The writer is an FT contributing editor and global chief economist at Kroll
Greek prime minister Kyriakos Mitsotakis is focused on returning his country to investment grade status. Greece has made enormous progress since it was forced into a series of financial bailouts beginning in 2010. But regaining investment grade will require more than the primary surplus the government hopes to achieve this year. Greece must also show it has strong institutions and an independent judiciary, and that means ending the unfounded persecution of Andreas Georgiou.
Georgiou was recruited from the IMF by a new Greek government in 2010 to establish a truly independent statistics agency adhering to EU statistical standards. According to Eurostat, the European statistics agency, the European Statistical Governance Advisory Board and the International Statistical Institute, he did a great job.
The government that followed rewarded him with felony charges, alleging he inflated Greece’s 2009 budget deficit and debt statistics to push the country into an international bailout. After several trials and appeals, Georgiou was finally acquitted of the main charges in 2019. But he continues to face two related cases.
The first is a criminal investigation for not submitting Greece’s revised 2009 fiscal statistics to a vote by the statistical agency’s board before releasing it. Georgiou instead adhered to the European Statistics Code of Practice, according to which “the head of the statistical authority . . . ha[s] the sole responsibility for deciding on statistical methods, standards and procedures.” This case now sits with the European Court of Human Rights.
The second case is an investigation for “simple slander” brought by the former director of national accounts at Elstat, the Greek statistical agency. Georgiou issued a press release in 2014 defending his accounting and distinguishing it from the previous statistics produced by Elstat. The facts are not in dispute. But in Greece one can be personally liable for saying something that is true but damages someone’s reputation. There was an open hearing on this case before the Greek Supreme Court last week, but a ruling won’t be made for several months.

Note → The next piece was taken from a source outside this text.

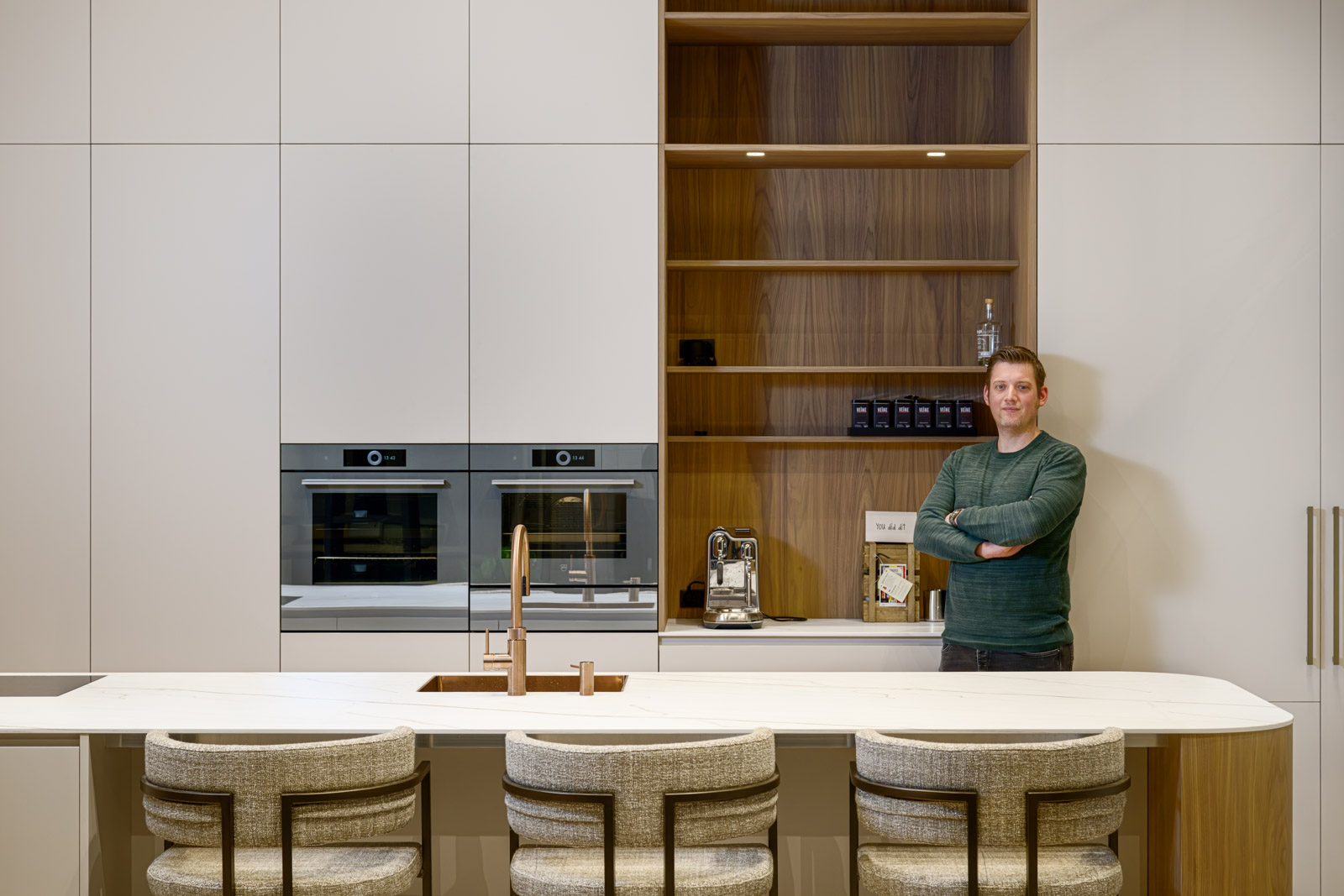 Met roots in keukeninterieurbouw bedenken en fabriceren de vakmensen van Elise Meubelen maatwerk tijdloze meubelen. Innovatie en ambacht gaan er hand in hand en alleen het beste is goed genoeg. Het bedrijf is grensverleggend in design, technologie en functionaliteit. Kenmerkend zijn het mooie, verrassende lijnenspel, perfecte verhoudingen en elegantie. “Hierdoor vormen de meubels een natuurlijk geheel met de ruimte”, vertelt Roel Bomers, die samen met zijn vader en broer eigenaar is van het bedrijf. “De geselecteerde materialen hebben een blijvende waarde. We sluiten geen compromissen en kiezen alleen voor de beste merken en materialen zoals het exclusieve V-Zug voor keukenapparatuur, de laden van Blum en HI-MACS® en Corian® Solid voor de wastafelbladen en keukenwerkbladen.”

These cases against Georgiou have been supported directly or indirectly by successive Greek governments. Mitsotakis’s New Democracy (ND) party was in power in 2009, and its politicians have found it convenient to lay blame on Georgiou for the state of the public finances at the time. The main opposition party, Syriza, has benefited from the divisions the ordeal has sown within ND and also between ND and Syriza’s other political opponent, Pasok.

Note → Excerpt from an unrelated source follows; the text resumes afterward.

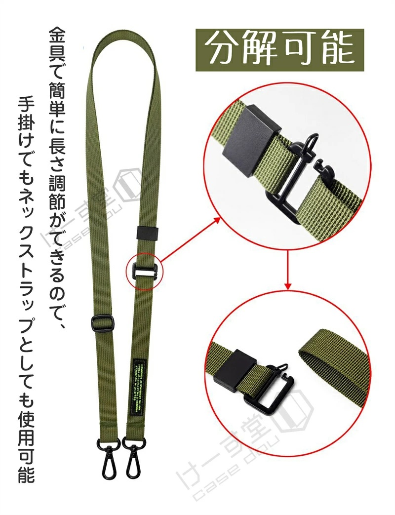 - ※当店のテキスト・商品画像を無断転載・盗用を固く禁じます。※ 商品:落下を防止する着脱可能なストラップホルダー 商品詳細 ➤素材:強度に優れたナイロン糸/錆びにくいアルミ ➤セット内容:ショルダーストラップ/ストラップホルダー ※スマホケースは付属しておりません。 ➤特徴: 挟むだけ、手ぶらでスマホを肌身離さず持ち歩ける!スマホとの接続は付属するホルダーを手持ちのケースに差し込むだけ。 太く厚みのある丈夫なクライミングロープを採用しており、耐久性が高いのが魅力。細部まで丁寧に仕上げられナスカンです。 肩に通して使うショルダー型に加え、首から下げるネック型にも対応しています。首や肩に掛けておけば必要な時にすぐ使えます。 スマートフォンの機種を問わず、スマホケースの充電ホールに対応する仕様で、マルチに使える。手帳型のスマホケースに装着するにもOK。 いつも使う物にストラップを装着しておけば、付け替え簡単・忘れ物防止役立ちます。パスケース、プレーヤー、社員証、自動車の鍵、通行証などのストラップホールを備えた品物にもオススメ♪ スマホを肩掛けできるショルダーストラップで、両手を解放。お子様とのお出かけや買い物には落下防止としても役に立ちます。 快適性・耐久性に優れ、日常使い・旅行・イベントにも最適。様々なシーンで用途に合わせて活躍してくれます。 ➤対応 充電ホールを備えたスマホケース全般に 社員証、パスケースや自動車の鍵などに デジタル一眼レフカメラに ▼納期について ※在庫が無い場合お取り寄せとなります。お取り寄せ商品のお届け目安につきましては商品リスト選択欄にてご確認ください。 ※在庫がある商品は、 2〜3営業日に発送予定です。(店舗休業日を除く) ▼ご注意ください ※商品のお色は撮影時の環境などにより、実際の商品と多少の違いが生じることがございます。 実物の色に近づけるように努めていますが、お使いの環境により実物の色と異なって見える場合がございます。 ※入荷する時期によっては、生地の色味、質感等が若干変わる場合があります。 ご了承の上お買い求めください。 ※万が一在庫切れや入荷待ちとなる場合は別途メールにてご連絡いたします。※本製品の利用による本体の紛失、破損、汚れ、及び内部データの破損には一切補償いたしかねます。 ▼関連キーワード スマホ ストラップ 手首 おしゃれ かわいい スマホショルダーストラップ 長さ調節 太い 大人 かわいい beitneckstrap ストラップホルダー付きスマホストラップ けーす堂 紐 太め 頑丈 casedou ショルダーストラップ けーす堂 スマホ ホルダーセット ストラップ けーす堂 スマホ ホルダーセット ストラップ スマートフォン用 ストラップホルダー 長さ調節可能 シンプル お洒落 カジュアル けーす堂 全機種対応 携帯 スマホ 肩掛け 挟むだけ 可愛い 長さ調節 高見え 斜めがけ 取付 けーす堂 取り付け 外付 外付け 後付け 落下防止 スマホ ストラップ おしゃれ オシャレ 頑丈 金属 casedou ステンレス 取外可 金具 部品 首かけ ネックストラップ 頑丈 紐 斜め掛け スマホストラップ かわいい 紐 ひも パラコード 大人 レディース メンズ バッグ用 スマホ用 単品 丈夫 付け替え アウトドア ショルダーベルト 太い アウトドア カラビナ キラキラ ピンク casedou ル 首から下げる 首から 首 から 下げる 首かけ 首掛けベルトのみ 首掛け 肩掛け スマホ用 付け替え 幅広 かける 首から掛ける 掛ける 携帯電話 スマホ ハンドストラップ 金属 けーす堂 ホール プレート 外付け 後付け ストラップホール 外付け けーす堂 ストラップホール けーす堂 後付けストラップホール クライミングロープ 撮影 ななめ掛け ななめがけ 肩掛け けーす堂 肩かけ 肩紐 けーす堂 肩ひも 携帯ショルダ 金具 挟むだけ 外付けストラップホール 紐 送料無料 iphoneケース けーす堂 ストラップ 太め iphone casedou Android アウトドア Galaxy Xperia ギフト お返し プレゼント ペア おそろい シンプル ロープ けーす堂 頑丈 丈夫 ちぎれない 落とさない 痛くない casedou バッグチャーム バッグ かばん 持ち手 韓国 ロング 落下防止 紛失防止 スマホホルダー ホルダー 紐 ひも 取り外し可 けーす堂 挟むだけ 手ぶら女子 けーす堂 はさむだけ 挟む casedou スマホアクセサリー 端末を傷つけない けーす堂 シンプル 柔らかい 丸ひもタイプ スマホ スマートフォン スマートホン casedou ショルダーストラップタブ けーす堂 ショルダーベルト 幅広 太め バッグ用 単品 大人 かわいい 携帯電話 長さ調節 けーす堂 両手解放 iPhone Android 対応 頑丈 軽量 紐 推し活 旅行 撮影 ストラップ けーす堂 携帯ストラップ iphoneストラップ プレゼント ギフト 贈り物 誕生日 クリスマス 携帯 壊れにくい 持ち運び 種類 耐久性 スマホショルダー ストラップ 太め 長さ調節 けーす堂 アクセサリー 買い替え けーす堂 スマホショルダーベルト スマホ用ショルダーストラップ スマホショルダー紐 スマホ用ショルダー ス

From a purely macroeconomic perspective, Greece has reason to hope it will obtain investment grade status this year. The European Commission estimates the growth of the Greek economy is among the highest in the eurozone in 2022 and 2023. Last summer, the country exited all of its enhanced surveillance by EU creditors and repaid its debts to the IMF early.
But in addition to sustainable public finances and robust growth, Greece must also show it has strong and independent institutions. This includes a judiciary that is free from political interference. Judicial reform is part of the government’s pitch for money from the EU recovery fund, with a focus on investing in buildings, digitalisation, skills training and speeding up court proceedings. These reforms are all necessary, but do nothing to address a long history of political meddling.
Greece must also have a robust, independent statistics agency. Any successor to Georgiou might take note of his legal battles and think twice about standing up to domestic political pressures and implementing EU norms in statistical analysis and reporting. Good economic policy can only be made with good data.
There are severe knock-on effects for the EU as well. In November, the commission put forward a new proposal to revamp the EU’s fiscal rules before they are reimposed in 2024. This proposal is the starting point for a debate over the next few months. But there is no point in having fiscal rules, however well-designed, if member states do not enable their statisticians to measure effectively and independently the metrics on which they are based.
The prosecution and persecution of Georgiou will probably drag on for several more years. But there is more at stake than the plight of an individual statistician. Greece’s investment prospects and institutional strength, and the EU’s statistical credibility and governance structure, also hang in the balance.